(TASK): Quote every line of the data below as it stands, omitting pictures.
BEGIN DATA SECTION
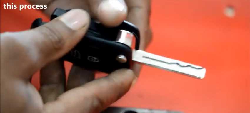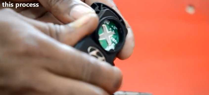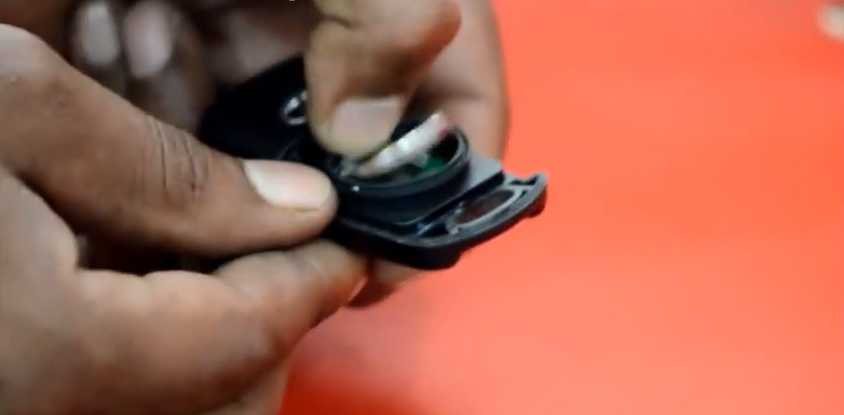 Сначала надо вставить плоский инструмент в выемку возле кнопки закрытия (Lock) и разделить брелок. После этого можно извлечь блок дистанционного управления с элементом питания — батарейкой. Затем надо аккуратно вытолкнуть старую батарейку из гнезда.
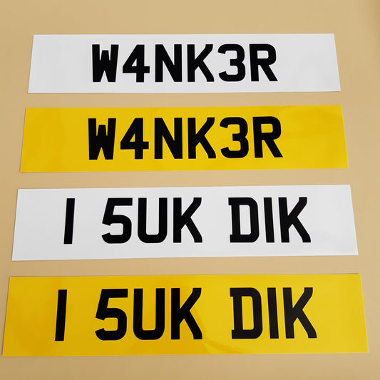 2 Joke Number Plate Stickers With "I 5UK DIK"
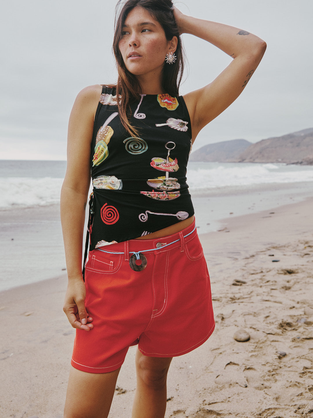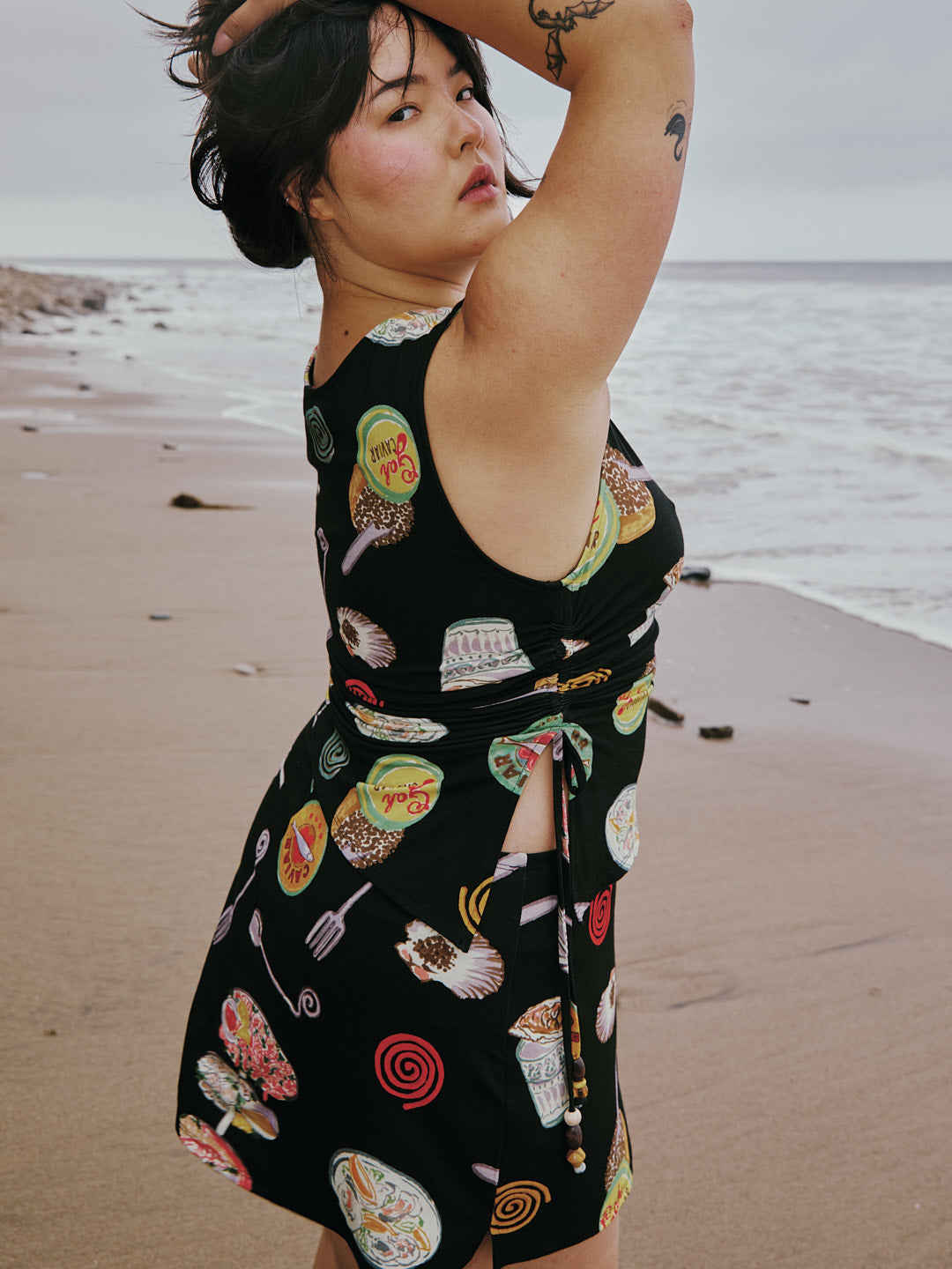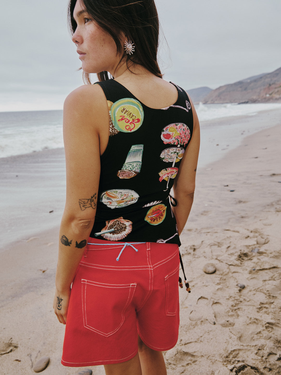 The Erin Tank is a form fitting, sleeveless tank top with side ruching tie details with wooden beads and an asymmetrical hem. Featured in our signature Caviar Dreams print in black.
END DATA SECTION
(SOLUTION TO THIS PROBLEM):
 Сначала надо вставить плоский инструмент в выемку возле кнопки закрытия (Lock) и разделить брелок. После этого можно извлечь блок дистанционного управления с элементом питания — батарейкой. Затем надо аккуратно вытолкнуть старую батарейку из гнезда.
 2 Joke Number Plate Stickers With "I 5UK DIK"
 The Erin Tank is a form fitting, sleeveless tank top with side ruching tie details with wooden beads and an asymmetrical hem. Featured in our signature Caviar Dreams print in black.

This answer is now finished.